It was like almost any other Friday evening commute. People filed out of their offices on July 31 in an orderly fashion, headed for Beijing’s subway, its public buses or to try their luck hailing taxis. The only difference was that as the city’s workers were heading home, Beijing was capping a 21-month, come-from-behind campaign to host the 2022 Olympic and Paralympic Winter Games with a win!…and no one seemed to care.

The street scene could not have been more of a contrast with 2001. When Beijing was awarded the 2008 Olympic Games then, the entire city erupted into spontaneous cheering and joyous gatherings. This time there was barely a honking car horn or gleeful hooray from Beijingers done with work for the week. Celebrations shown on television involved only orchestrated “volunteers.”

By the time Beijing entered its bid for the Winter Olympics in November 2013, Stockholm, Sweden, had already dropped out of the running. Beijing was facing previous winter games host Oslo, Norway; Almaty, Kazakhstan; Lviv, Ukraine; and Krakow, Poland. Oslo was considered the favorite, with both that city and Lillehammer having given Norway the experience of hosting the winter event twice.

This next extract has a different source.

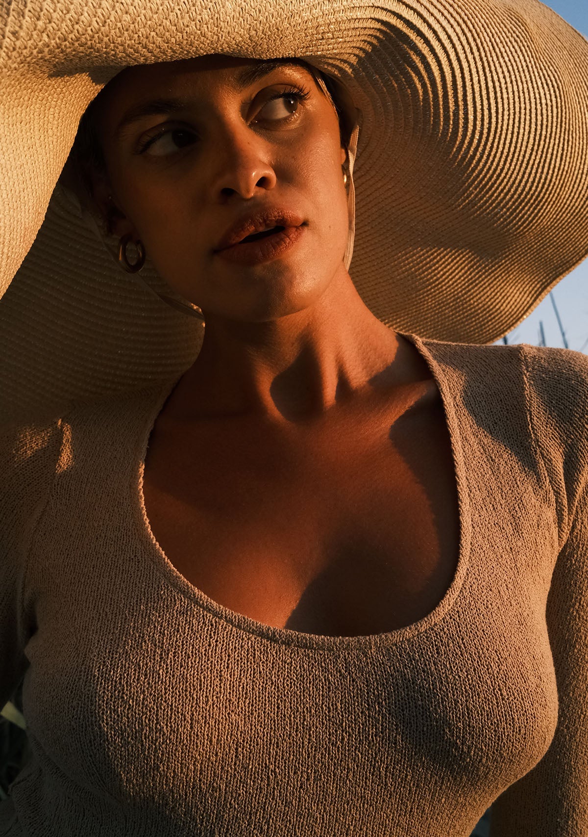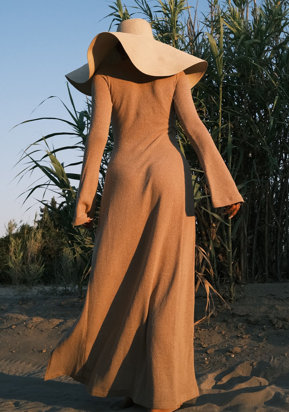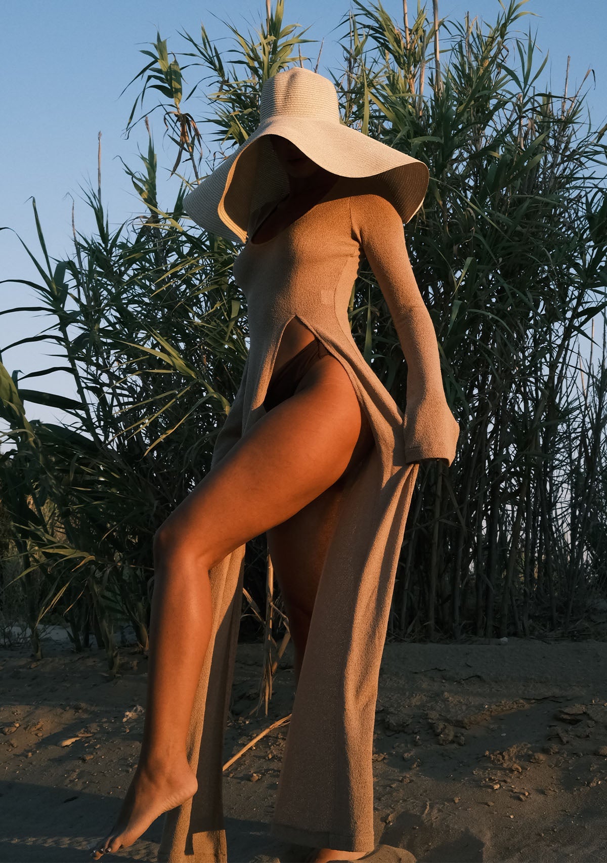 - Derin Yırtmaçlı Bej Triko Elbise Etek kısmında göbeğe kadar uzanan derin yırtmaçlarıyla cesur bir görünüm sunarken, çan şeklinde inen uzun kollarıyla da proporsiyonunuzu dengeler.

But one by one, the other cities dropped from the race. Oslo was the last to bow out, leaving the precipitation-challenged Beijing up against the dark horse Almaty, Kazakhstan. When the Olympic Committee met in Kuala Lumpur, Malaysia, at the height of summer to decide which city would host the greatest event in winter sports, snow did not seem to be first on their minds. Beijing won by four votes, 44 to 40, closer than expected but an outcome that was by that point not a surprise.

International reaction was less than jubilant. “Qatar was robbed,” read a wry subheadline in The Economist, referring to the 2022 World Cup host—a choice now awash in controversy—with much of the backlash focusing on Beijing’s lack of natural snow. Of similar concern is the impact that a second Olympics will have, or not have, on China. Social-change proponents of the Olympic movement saw the 1988 games in Seoul and the 1992 event in Barcelona as evidence that the Olympics could help move cities, and the countries they represent, out of darker times, like periods of martial law or dictatorship.

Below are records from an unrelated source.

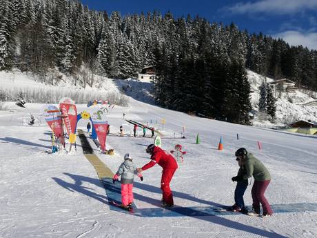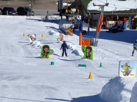 The very large ski school area is located directly in Filzmoos around the Bögrain lift. Magic carpets, practice lifts, visits to animals at the farm, runs through the enchanted forest, wave tracks, and fun with the mascot are just some of the highlights.
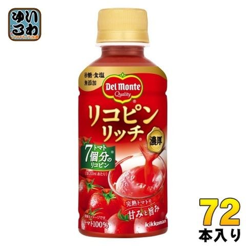デルモンテ リコピンリッチ トマト飲料 200ml ペットボトル 72本 (24本入×3 まとめ買い) トマトジュース 濃縮トマト飲料 GABA リコピン トマト100%
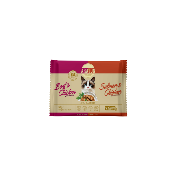 ARATON wet pet food set for adult cats of all breeds with beef and chicken, with salmon and chicken 4x85 g
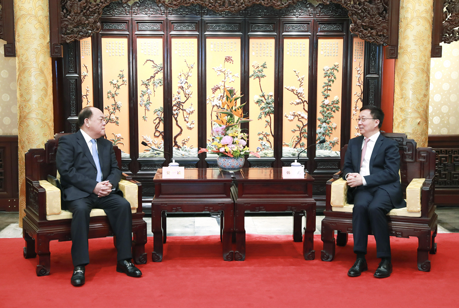 3月6日,中共中央政治局常委、國(guó)務(wù)院副總理韓正在北京釣魚臺(tái)國(guó)賓館會(huì)見澳門特別行政區(qū)行政長(zhǎng)官賀一誠(chéng)。新華社記者 龐興雷 攝

The Olympics in Rio de Janeiro in 2016 could still be a sign of a new era in Brazil. But while Beijing 2008 surely marked the arrival of China’s capital on the international stage, coming at the end of an almost-unbroken 20-year run of economic growth and expanding global influence, the period following the Beijing Olympics has not been particularly bright.

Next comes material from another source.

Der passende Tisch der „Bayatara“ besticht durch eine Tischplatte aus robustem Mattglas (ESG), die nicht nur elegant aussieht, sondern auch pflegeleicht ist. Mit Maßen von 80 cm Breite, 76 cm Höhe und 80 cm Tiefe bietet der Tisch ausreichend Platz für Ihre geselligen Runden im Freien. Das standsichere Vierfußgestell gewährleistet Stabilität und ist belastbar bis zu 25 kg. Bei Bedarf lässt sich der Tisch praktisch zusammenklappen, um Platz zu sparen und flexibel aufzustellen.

Hopes for greater press freedom were not realized even during the 2008 games. Since they ended, well-regarded foreign reporters from The New York Times and Reuters have been forced to leave the country where several met their wives and where their children were born. In July, before the Olympic decision, 100 or more lawyers who have defended clients charged with political crimes were taken into police custody, and authorities in China’s Zhejiang Province continue to clash with Christians by removing crosses from churches—in some cases bulldozing entire houses of worship—under the guise of building violations.

China has also asserted itself territorially, building landing strips on disputed islands in the South China Sea. It continues to antagonize Japan. In September China will stage a massive military parade in Beijing on a newly established holiday weekend, its exhausting moniker the “Chinese People’s War of Resistance against Japan and Victory of the World War Against Fascism 70th Anniversary.”

That last event has already led to a chorus of “we told you so” from naysayers of the Beijing Olympic pick. In a move similar to pre-Olympic visa clampdowns and other measures designed to limit visitation and pollution in the capital during the Olympics, identity and vehicle checks at provincial border crossings into Beijing began on Aug. 10, almost a month before the new holiday, causing traffic delays measured in hours.

Beijing relied on its Olympic legacy from 2008 to win the right to host in 2022. That suggests low returns for anyone hoping that a another chance to stand out as an Olympic city will be a second chance for change.